> [Collected material]
-.-.-
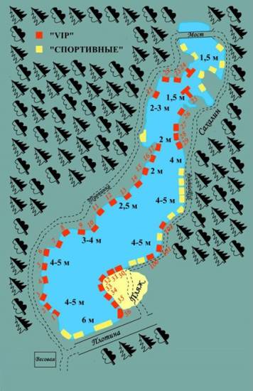 В общем площадь водоема примерно 15 Га, участок зарыбления немного меньше чем 5 Га, глубина в разных местах от 1 метра до 5, имеет песчаное дно, с небольшим количеством ракушечника и водорослей, рельеф очень неоднородный, присутствуют большие перепады, так и ровные участки.
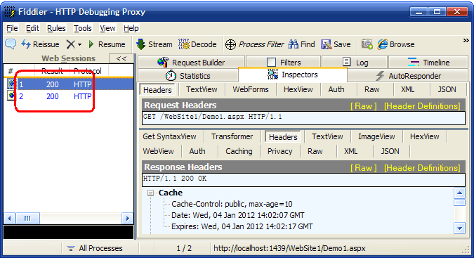 复制代码 注意:上面代码中最关键的一行代码为:- [/code]正是由于使用了这个OutputCache指令,最后才会输出上面那几个响应头,用来告诉浏览器此页面需要缓存10秒钟。
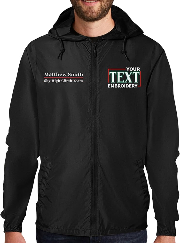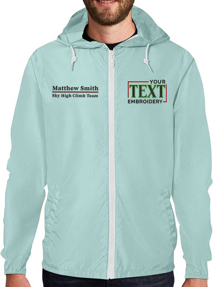 Design Your Own Mens Womens Embroidered Full-zip Windbreaker Anorak Jacket with our premium quality customized full-zip jacket made in Houston, Texas. We are the Teeamore brand of the Calmapparel company designing and printing unique custom apparel for men, women, kids and babies. These jackets are Perfect for birthdays, holiday parties, teams, businesses functions and much more.
-.-.-
> [About this exercise] Set down the material above exactly. Skip any picture.

> [Written response]
 В общем площадь водоема примерно 15 Га, участок зарыбления немного меньше чем 5 Га, глубина в разных местах от 1 метра до 5, имеет песчаное дно, с небольшим количеством ракушечника и водорослей, рельеф очень неоднородный, присутствуют большие перепады, так и ровные участки.
 复制代码 注意:上面代码中最关键的一行代码为:- [/code]正是由于使用了这个OutputCache指令,最后才会输出上面那几个响应头,用来告诉浏览器此页面需要缓存10秒钟。
 Design Your Own Mens Womens Embroidered Full-zip Windbreaker Anorak Jacket with our premium quality customized full-zip jacket made in Houston, Texas. We are the Teeamore brand of the Calmapparel company designing and printing unique custom apparel for men, women, kids and babies. These jackets are Perfect for birthdays, holiday parties, teams, businesses functions and much more.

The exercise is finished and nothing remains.